* COLLECTED DATA
>>

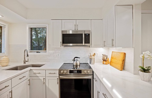 this lovely property has been updated with smart tvs, new flooring, paint, furniture and lighting The fully-equipped kitchen boasts granite countertops and stainless steel appliances. For those who might need to work remote, there is a desk with a monitor and the property has complimentary WiFi. The open floor-plan and sectional sofa are ideal for relaxing and spending time with others. And when your ready to retire for the evening, each bedroom features a king-sized bed and a private bathroom.
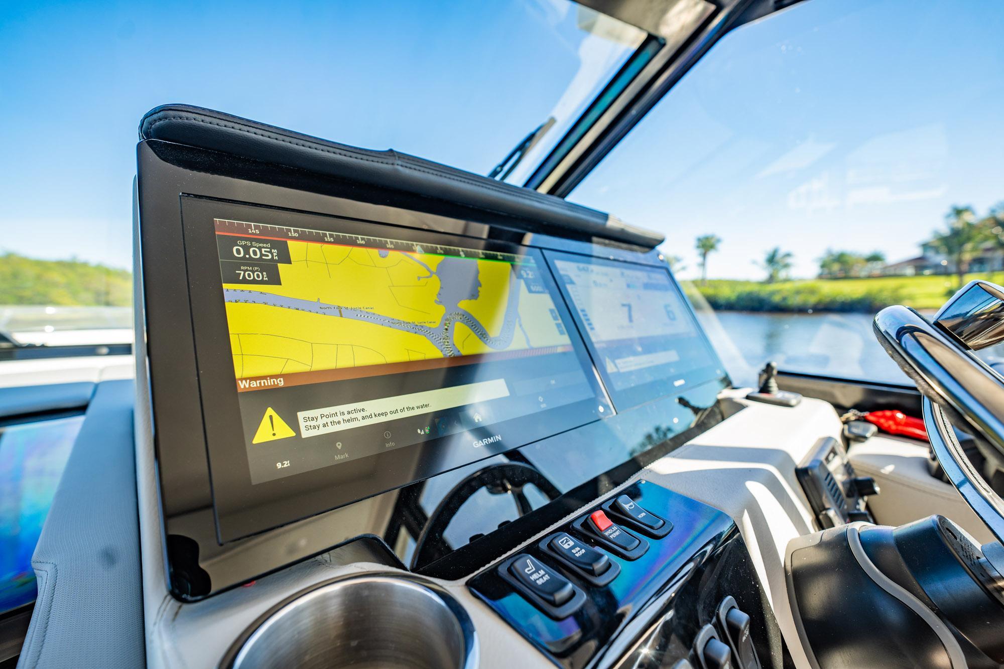 - Glass style helm with (2) GARMIN 8616 multi-function displays with chart plotter, sonar functions
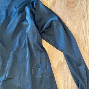 Pullover dress has long, hanging sleeves, foam-backed stand-up collar
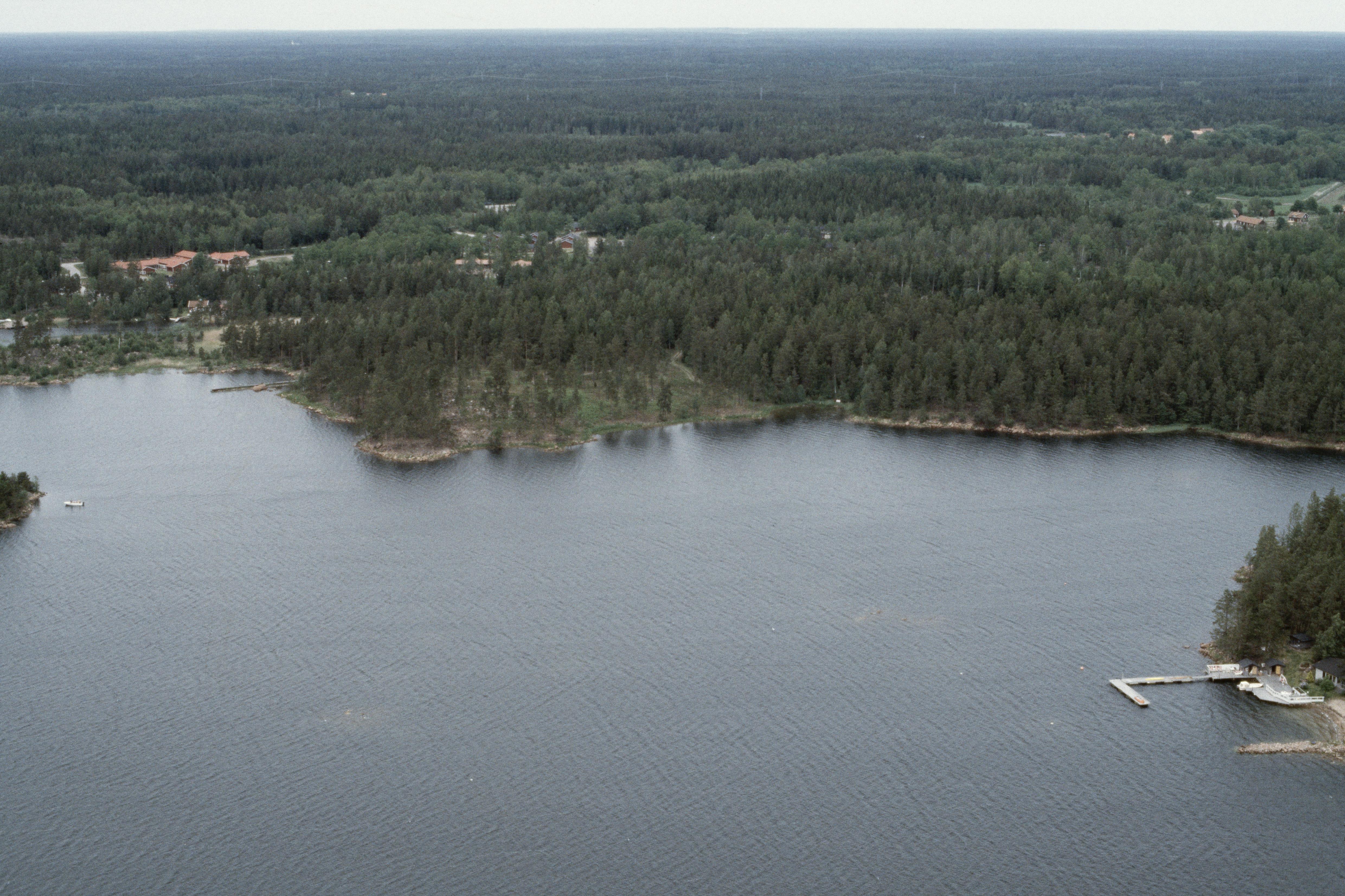 Beskrivning: Misterhults skärgård. I bildens övre del området Bredviksnäs - Fällkärret. Fornborg RAÄnr Misterhult 1250:1 på udden över bildens mitt. Bilden är tagen mot (väderstreck): NV

<<

* WHAT THE TASK REQUIRES
No pictures belong in the answer; copy all other parts of the listing exactly.

* PROBLEM SOLUTION
 this lovely property has been updated with smart tvs, new flooring, paint, furniture and lighting The fully-equipped kitchen boasts granite countertops and stainless steel appliances. For those who might need to work remote, there is a desk with a monitor and the property has complimentary WiFi. The open floor-plan and sectional sofa are ideal for relaxing and spending time with others. And when your ready to retire for the evening, each bedroom features a king-sized bed and a private bathroom.
 - Glass style helm with (2) GARMIN 8616 multi-function displays with chart plotter, sonar functions
 Pullover dress has long, hanging sleeves, foam-backed stand-up collar
 Beskrivning: Misterhults skärgård. I bildens övre del området Bredviksnäs - Fällkärret. Fornborg RAÄnr Misterhult 1250:1 på udden över bildens mitt. Bilden är tagen mot (väderstreck): NV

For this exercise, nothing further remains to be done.